This indicates that we can reject the notion that the means for the new and old page
views are equal. Thus, outcomes for both the one-tail and two-tail tests suggest that
we should believe that the web-site has indeed improved page views.
Although this is not the case in our data, in situations where we consider more
than 2 means, and more than a single factor in the sample (currently we consider
a visitor’s status as a teen as a single factor), we can use ANOVA (Analysis of
Variance) to do similar analysis as we did in the t-tests. For example, what if we
determine that gender of the teens might be important and we have an additional new
website option? In that case, there are two alternatives. We might randomly select 3
groups of 100 teens each (50 men and 50 women) to view three websites—the old
website, a new one from web designer X, and a new one for web designer Y. This is
a very different and more complex problem than our paired t-test data analysis, and
certainly more interesting. ANOVA is more sophisticated and powerful statistical
test than t-tests and they require a basic understanding of inferential statistics. We’ll
see more of these tests in later chapters.

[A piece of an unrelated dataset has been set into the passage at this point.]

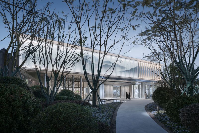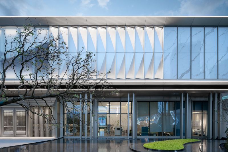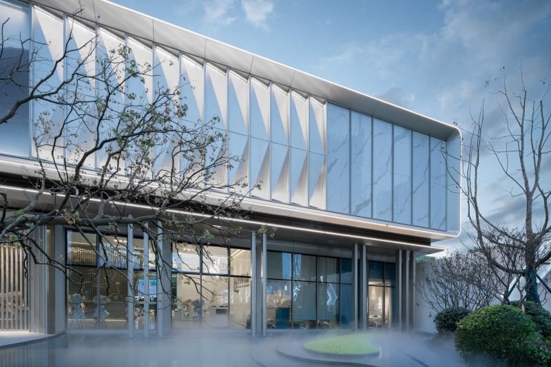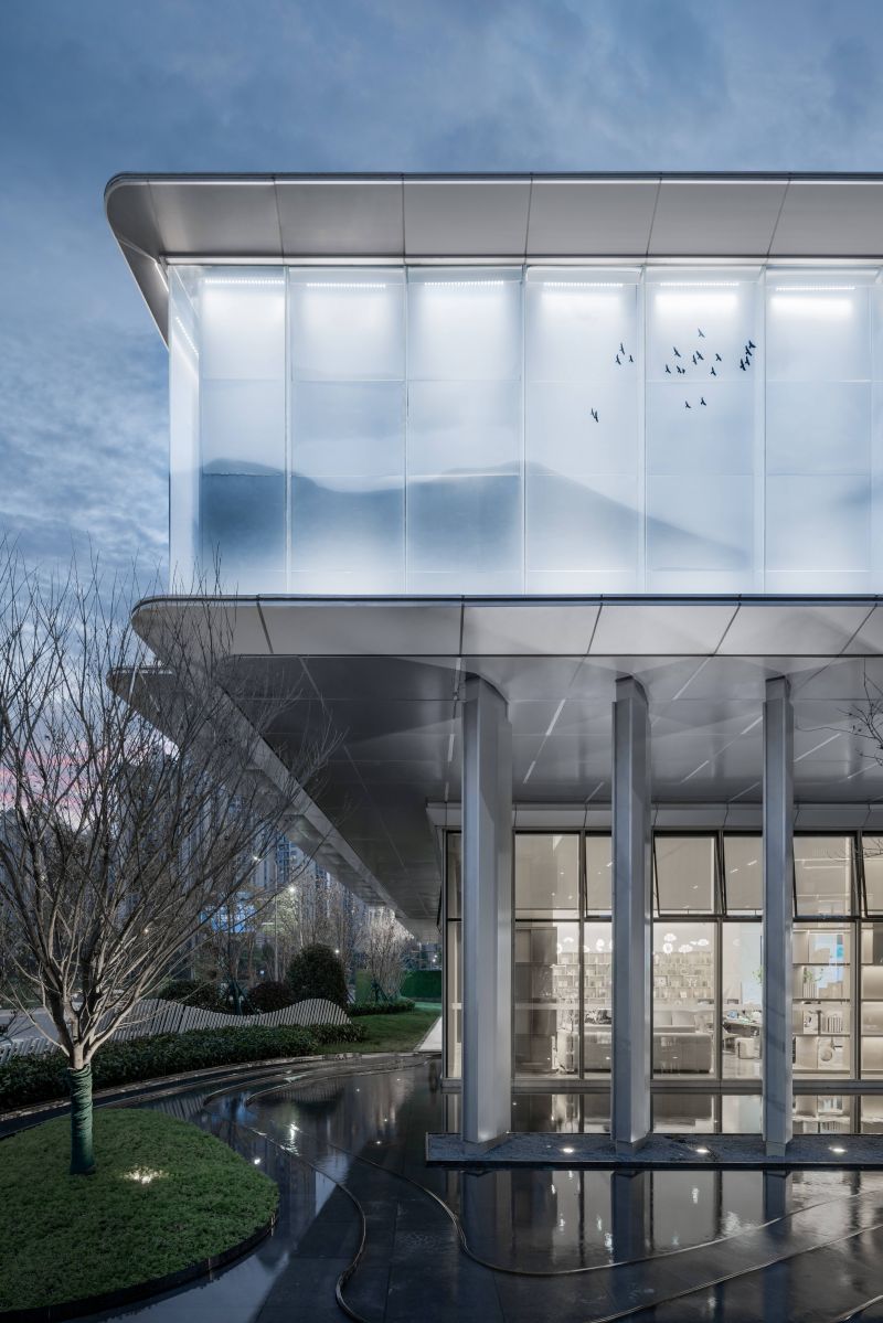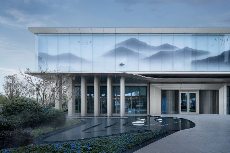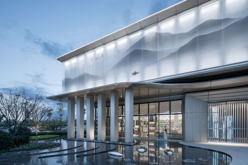 Adhering to the architectural design concept respecting regional, cultural, and epochal characteristics, the project draws semitransparent landscape paintings with traditional Chinese style on glass curtain walls to display classical aesthetics by means of modern techniques.The entire external facade of the experience center is mainly covered by champagne silver aluminum plates to build a graceful and noble building. On the second floor, ultra-clear silk glass printed with landscape paintings and backed by silver-gray aluminum plates are used to create a beautiful landscape roll.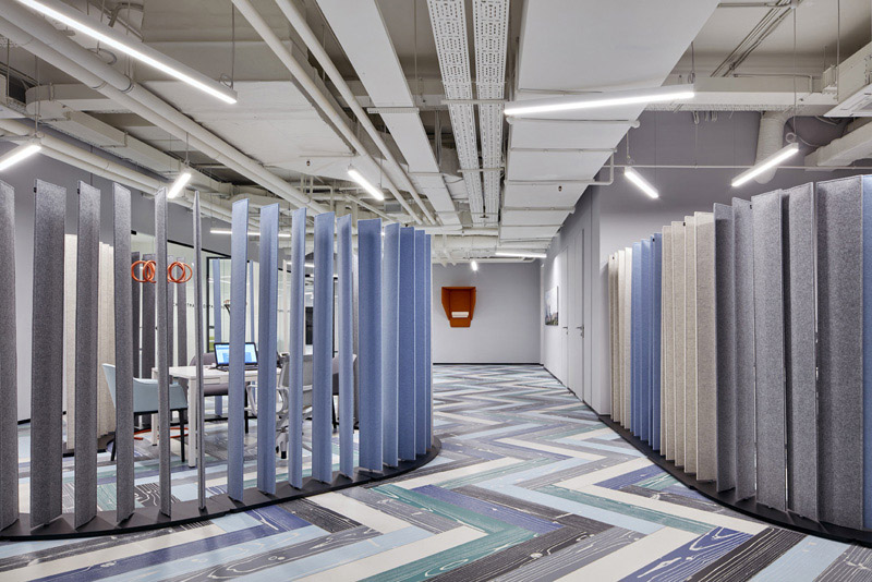 空間業(yè)態(tài)的規(guī)劃會產(chǎn)生很大的影響。創(chuàng)建一個緩沖區(qū)可以減輕這種不幸的影響。可以用展示柜或者收納柜來緩沖,可以緩解空間不通暢的尷尬局面,也可以讓實用性更高,收納空間更大,辦公室看起來更簡潔。

Finally, we might wonder if most teens are equally affected by the new website—
Is there a predictable number of additional web-pages that most teens will visit
while viewing the new site? Our initial guess would suggest no because of the wide
distribution of the histogram in Exhibit 3.31. If every teen had been inﬂuenced to
view exactly 4 more web-pages after viewing the new site, then the histogram would
indicate a value of 4 for all 100 observations. This is certainly not the results that we
...
) in this case is also much smaller than the t-Stat (9.843
...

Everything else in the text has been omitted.